Arkadaş listesinde sosyal çevresi kadar çapı olan insanların günlük durumlarını betimleyen bu cümleler diğer arkadaşlarına haber olarak gittiği anda, bu amatör olimpiyatçıların iletileri şanslılarsa arkadaşları tarafından bir el hareketiyle beğenilir (likes this) takdir edilir, yorum yapılır, çok gülünüp sevildiyse “hihoho” “ahahaha” “ehuehuehu” gibi nidalarla statunun yazarına cömertçe coşku verilir, o garibanda halkın nabzını elinde tutmanın verdiği gazla bir sonraki statusünü düşünmeye başlar, görevi büyüktür ve herkes ondan daha iyisini beklemektedir.

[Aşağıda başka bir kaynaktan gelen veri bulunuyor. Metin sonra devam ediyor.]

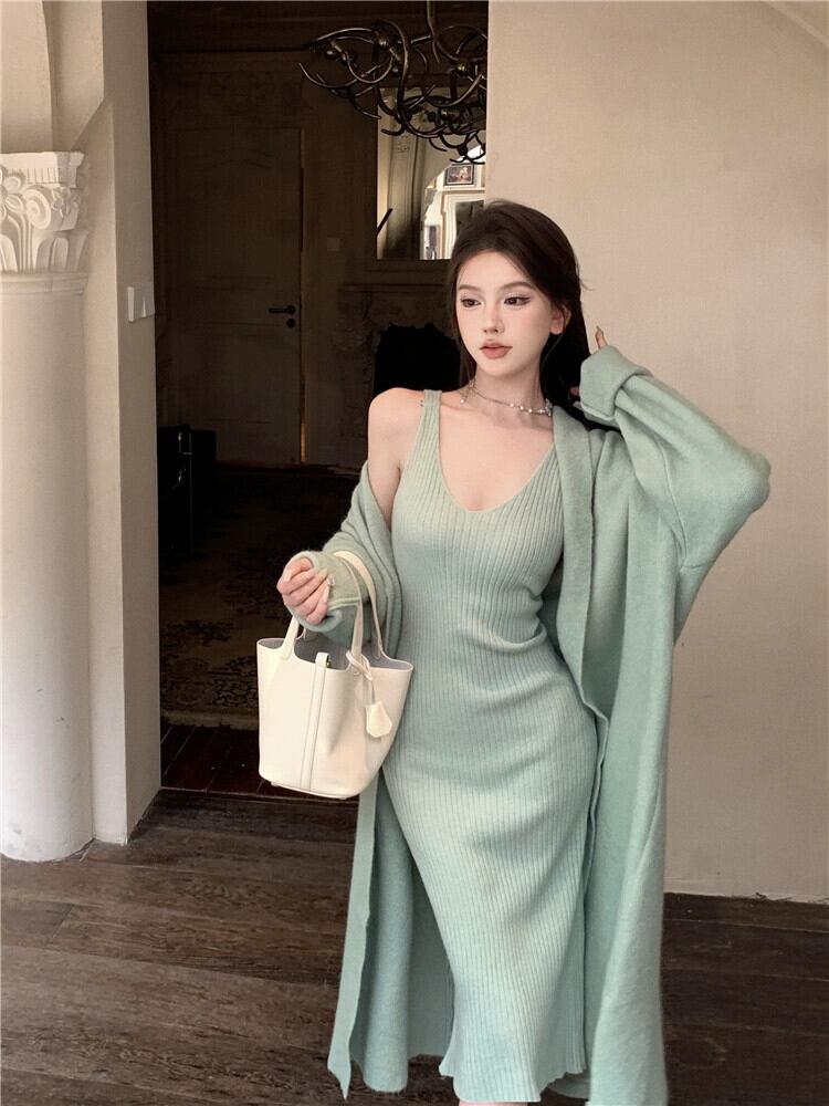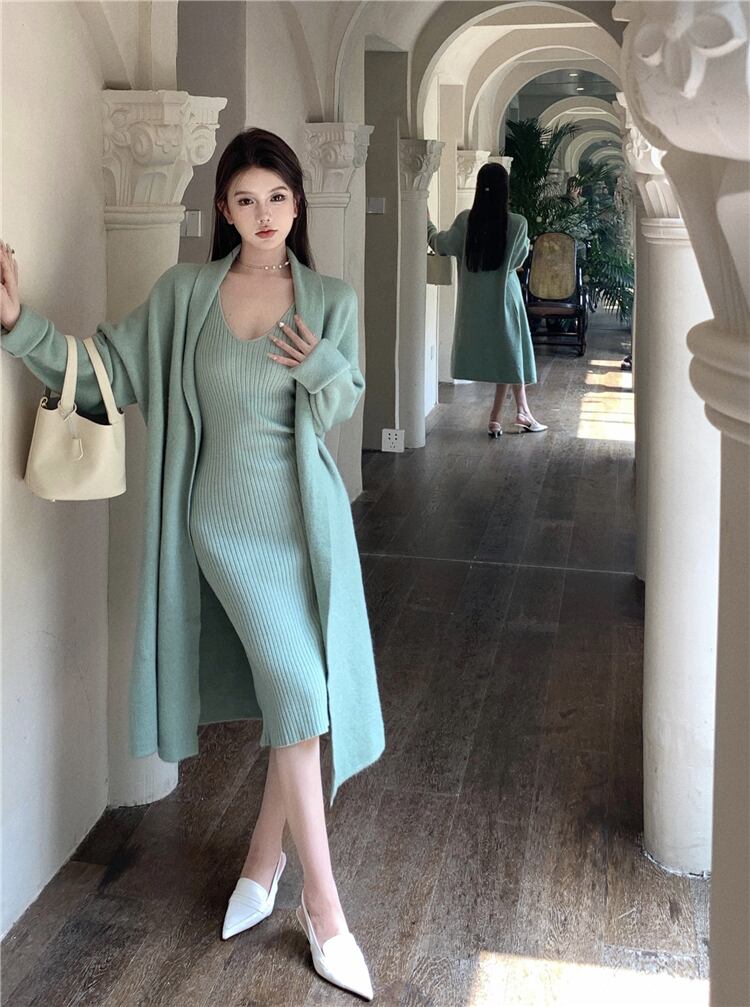 フレンチスリムフィットサスペンダーワンピース、高級2点セット、長袖カーディガン、今年人気の秋レディースのきれいめスーツ ロング オータム 秋物 nana75736410649 | modepoisson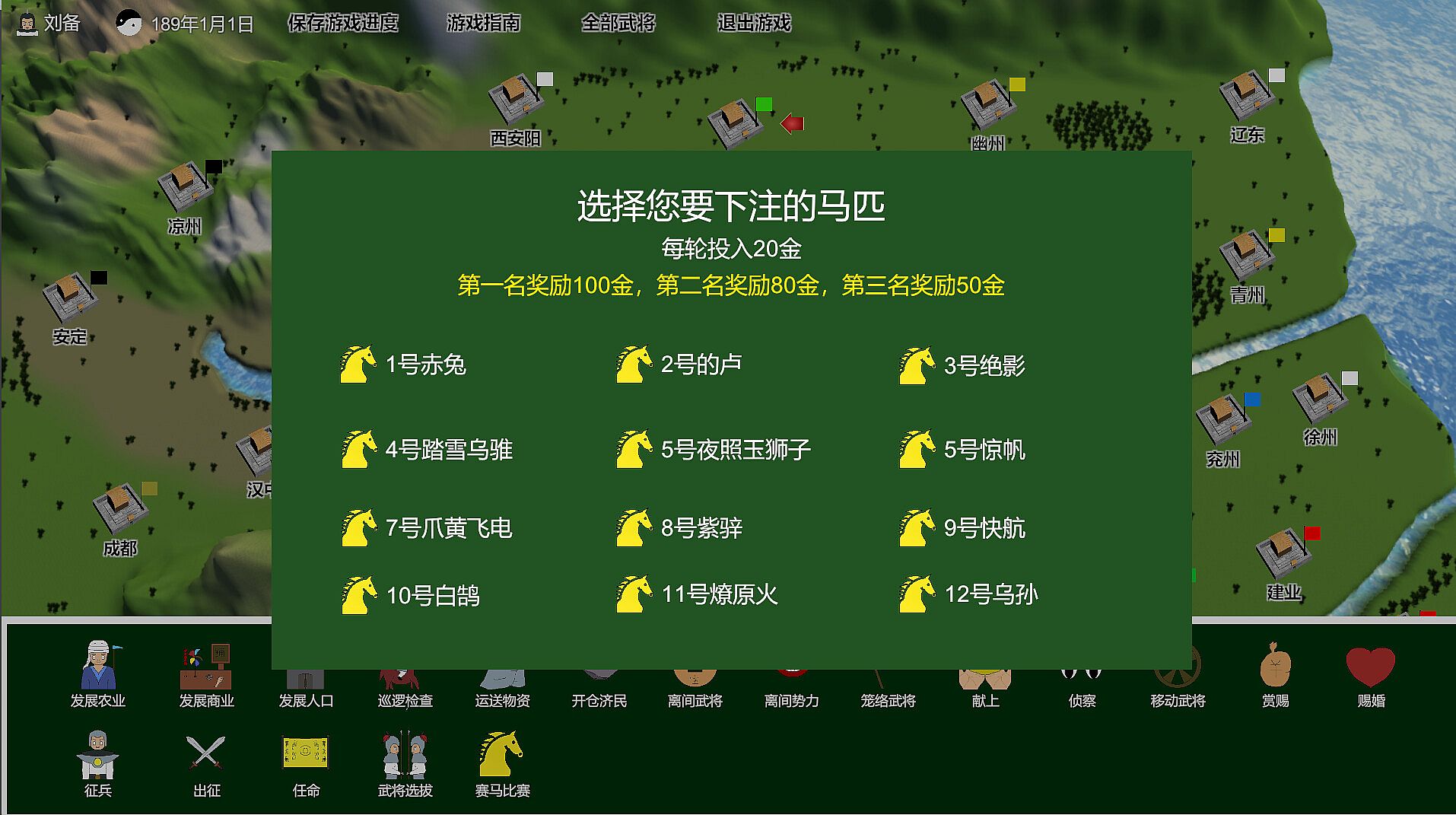 城池发展到一定规模你也不会无事可做,可以欺负欺负小山贼,也可以前往东汉马场猜猜哪匹马儿跑得更快,游戏具有很多未知趣味的小玩法,玩家需要自行触发与发现。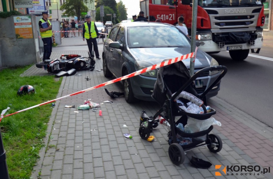 Około godz. 18:00 dyzurny sanockiej policji otrzymał zgłoszenie, że kierujący motorem marki Honda, 22-letni mieszkaniec powiatu sanockiego, jadąc ulicą Kościuszki od ronda w stronę centrum, stracił panowanie nad motorem i wjechał w grupę osób poruszających się chodnikiem.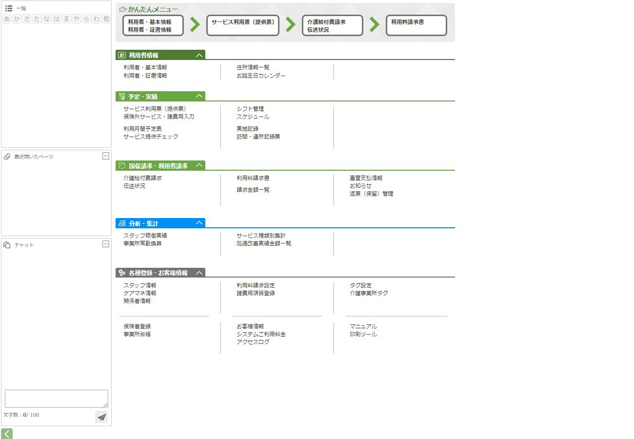 ご利用者様情報の登録から、サービス利用票(提供票)の作成、給付管理・介護給付費請求書の作成などが行えます。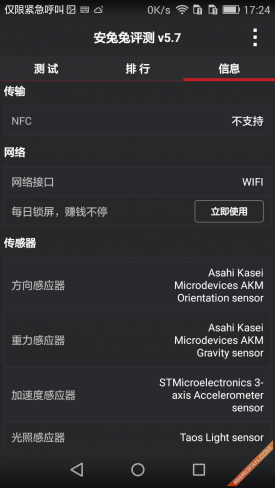 安兔兔评测AnTuTu Benchmark是一个专门给Android系统的手机、平板电脑硬件跑分的软件,它能一键运行完整测试项目,通过内存性能、CPU整数性能、CPU浮点性能、2D、3D绘图性能、数据库I/O、SD卡读、写速度等多项性能测试,并对手机的整体和单项硬件性能做出评分,同时上传分数并查看该设备在世界的排名。

Anlayacağınız zordur feysbukta ilgiyi ayakta tutmak. Ama en zoru o insanları kendi sayfanıza çekmişken medeni halinizle ilgili doğru mesajı vermektir. Bu sebeple toplumsal kaygılarla, kişisel kavgalarla harmanlanan feysbuk sayfasındaki medeni haller kutusu adeta bir ritüel gibi doldurulur. İlişkinin akibeti, verilmek istenen mesaj ya da yanlış mesaj vermeme kaygısı sebebiyle gecelerce düşünülerek değiştirilir düzeltilir yenilenir o kutucuk. Dilerseniz bu ruh hallerinin hepsini sitede yer alan isimleriyle listeleyelim.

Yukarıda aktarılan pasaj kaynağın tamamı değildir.